Total Time
9mins
Prep 3 mins
Cook 6 mins

This is a wonderful kick-start to the day. It actually tastes pretty much EXACTLY like spotted dick and custard and it absolutely delicious. It contains loads of complex carbohydrates a few simple carbs and loads of protein and amino acids to really get you going and keep you going for hours. Basically it's really good for you (to almost exactly the same degree that Spotted Dick and Custard isn't :) and yet it tastes heavenly. I have it or a variation on the same lines every day. Stops me snacking for hours and really gives me the drive to get work done. It takes a few minutes to prepare and cook - but hey, breakfast is the most important meal of the day - I think it's important that it supplies the fuel you need, so it's got to be worth a few minutes of minor effort in its preparation and I see no reason it shouldn't taste just great! As a thought... I think that this actually tastes better with only two egg whites, but three definitely seems to give me that extra lift and drive to keep going.

Ingredients Nutrition

Directions

  1. Separate the egg whites into a small bowl and dispose of, or otherwise jetison the yolks :).

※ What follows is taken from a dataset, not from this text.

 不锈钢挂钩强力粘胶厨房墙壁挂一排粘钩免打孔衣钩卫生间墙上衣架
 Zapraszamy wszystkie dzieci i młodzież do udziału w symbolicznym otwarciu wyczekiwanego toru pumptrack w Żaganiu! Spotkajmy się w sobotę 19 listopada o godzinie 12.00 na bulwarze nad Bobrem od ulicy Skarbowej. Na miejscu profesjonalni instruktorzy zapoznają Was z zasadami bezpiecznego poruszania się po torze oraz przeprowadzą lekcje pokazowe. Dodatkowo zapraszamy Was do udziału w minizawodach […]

  2. Weigh the sultanas into another small bowl.
  3. Chop the prunes into medium chunks (perhaps just a bit bigger than 1/3 inch cubes roughly) and place in another small bowl.
  4. In a saucepan, add 1 medium heaped tablespoon of Wheat Bran.

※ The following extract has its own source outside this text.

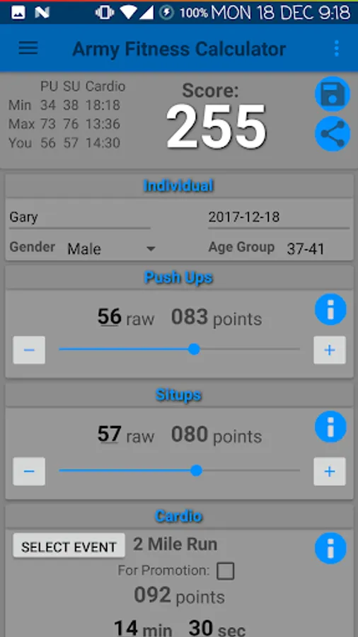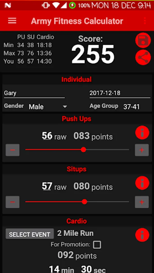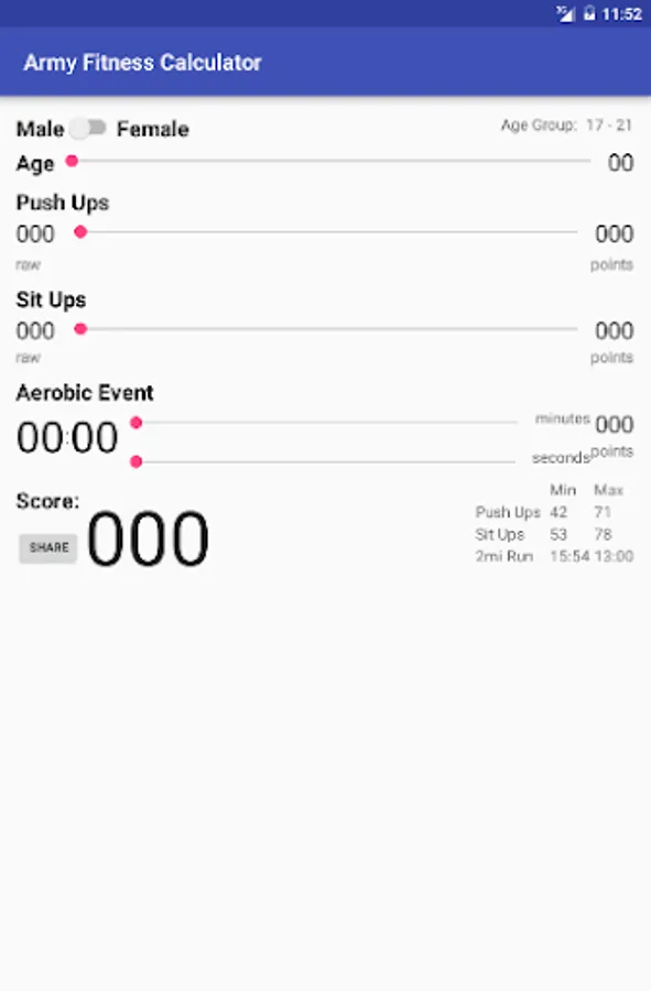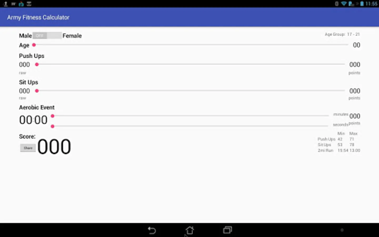 This Army Fitness Calculator is designed to be simple and easy to use. The Army Fitness Calculator calculates your Army Physical Fitness Test score according to FM 7-22. All information and ACFT/APFT scores update dynamically as you change your raw scores for each ACFT/APFT event. No dialog boxes popping up that require you to enter your data using a keyboard in this Army Fitness Calculator.
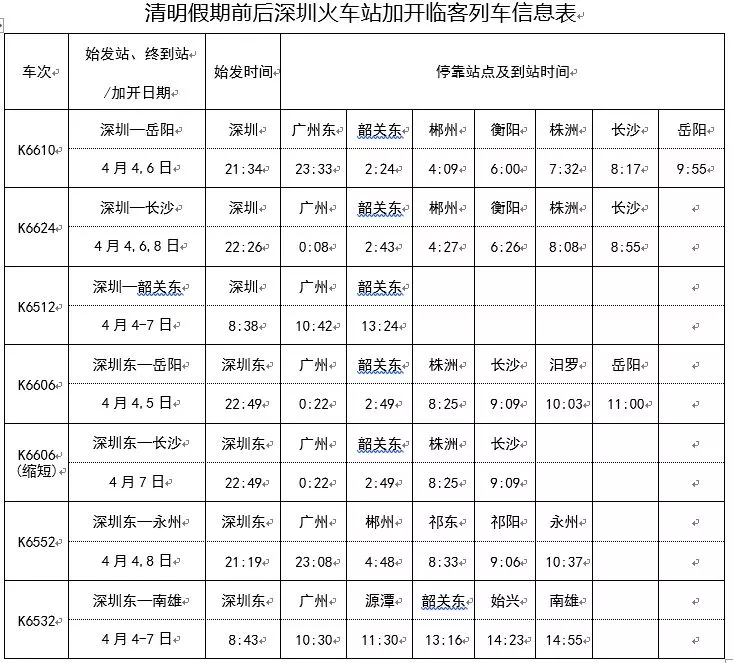 深圳站將加開3對(duì)臨客列車,始發(fā)車次為開往岳陽的K6610次、開往長沙的K6624次和開往韶關(guān)東的K6512次;

  5. Weigh approx 65g to 70g Porridge Oats (Oatmeal) into the pan (depending on how hungry you feel).
  6. Add a mere hint of ground ginger (you don't want to actually taste the ginger, it's just there to help bring out the flavours), and add a generous few drops of Vanilla flavouring.
  7. Add approx 445g/445ml water (to my taste, approx 6.6g/6.6ml water per gram of oatmeal gives a good thick porridge).

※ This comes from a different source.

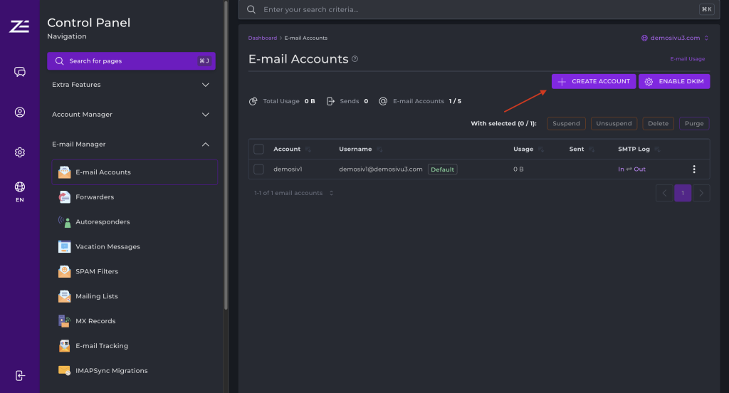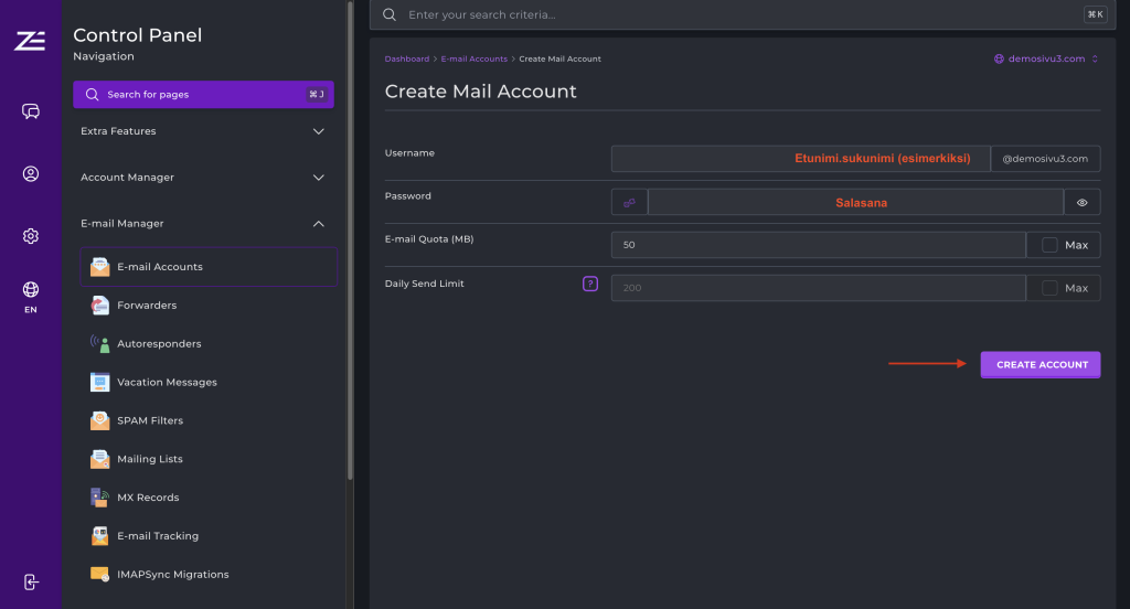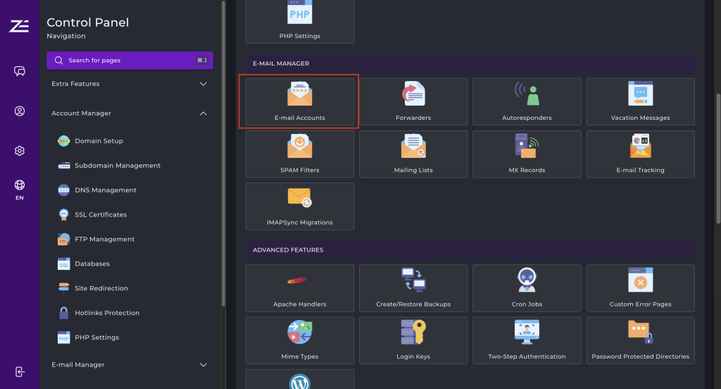 Valitse vasemmasta sivuvalikosta E-mail Manager ja napsauta kohtaa E-mail Accounts.

  8. Place pan on stove and bring to a boil. When just starting to boil, add the sultanas, and continue to boil on a medium heat, stirring continuously, for a few minutes until fairly thick and the sultanas have softened nicely.
  9. Depending on how dried out the prunes are you may wish to add them now (or earlier if they are really dry. The ones I get are completely hydrated and really squishy so I add them only at the very end). Also, if using sugar rather than sweetner, it would probably be best to add it now.
  10. Pour the egg whites onto the middle of the porridge and turn up the heat a bit. Don't stir.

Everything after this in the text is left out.